Taylor Swift – ‘Folklore’ Album Review (2)

Frequent collaborator Jack Antonoff (1989, Reputation, Lover) returns for six songs on folklore and each is a separate high point on the record, owing to the trusting, creative relationship the two have built. Antonoff’s work tends to draw incredibly personal details and sounds from his collaborating artists. Here, that plays out in songs like “my tears ricochet”, one of the record’s deepest gut punches that catalogs Swift’s tumultuous departure from Big Machine Records and the subsequent sale of the label (and her master recordings along with it) by Scott Borchetta to Scooter Braun. The song is written from the perspective of the ghost of a former lover and employs imagery that recalls scorn and discontent for her treatment at the hands of these men: “You wear the same jewels that I gave you // As you bury me,” references her six astronomically successful records released under Big Machine that are now hostage victims held by hostile captors. “I can go anywhere I want // Anywhere I want, just not home,” she mourns as she releases her second record with Republic Records and remembers the label that helped her rise to superstardom. With Antonoff producing, the song builds gravitas with an ethereal backing choir, tenor sax and drumbeats that ricochet, too.

At sixteen songs and coming in at just over an hour, the standard edition of the album could still endure one last round of editing. The experience doesn’t diminish the high highs or the hom*ogenized listening experience of the record, aided by Dessner’s deft hands at the boards. In particular, “invisible string” stands apart as a Swiftian triumph, both new and familiar, both romantic and innocent. The song explores with appreciable naïveté, the simple idea that an invisible thread ties Swift and her lover together and that’s how they found each other, and now she’s a better person because of it. “Cold was the steel of my ax to grind for the boys who broke my heart // Now I send their babies presents,” is a line that only Taylor Swift could sell with earnestness.
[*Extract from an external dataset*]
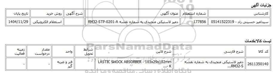 | سیدامیر حسینی راد - 05141522319 | 177856 | دمپر لاستیکی منجیدی به شماره نقشه RM32-STP-0201-A | استعلام الکترونیکی | 1404/11/29 |

In a year filled with unpredictable plot twists, a surprise Taylor Swift album was uncalled for but welcomed with open arms, smashing records as it debuted atop the charts and outsold everything else this year in a matter of days. Her outsized presence exposes the album to critiques, whether they be that the album is too hom*ogenized, too reductive of the indie world, or simply too safe. Safe isn’t what we want from our biggest stars but it’s often what they deliver, unwilling to sacrifice their perch atop the industry in a cozy cardigan. But as the songwriting continues to impress, it’s impossible not to look at where Swift has been and notice how much she’s grown and where she’s going. Mostly because she’s laid it all out for us.

Written by: Mike Floeck
Taylor Swift – ‘Folklore’ Album Review (2024)
Top Articles
Latest Posts
Article information

Author: Dr. Pierre Goyette

Last Updated:

Views: 6215

Rating: 5 / 5 (70 voted)

Reviews: 93% of readers found this page helpful

Author information

Name: Dr. Pierre Goyette

Birthday: 1998-01-29

Address: Apt. 611 3357 Yong Plain, West Audra, IL 70053

Phone: +5819954278378

Job: Construction Director

Hobby: Embroidery, Creative writing, Shopping, Driving, Stand-up comedy, Coffee roasting, Scrapbooking

Introduction: My name is Dr. Pierre Goyette, I am a enchanting, powerful, jolly, rich, graceful, colorful, zany person who loves writing and wants to share my knowledge and understanding with you.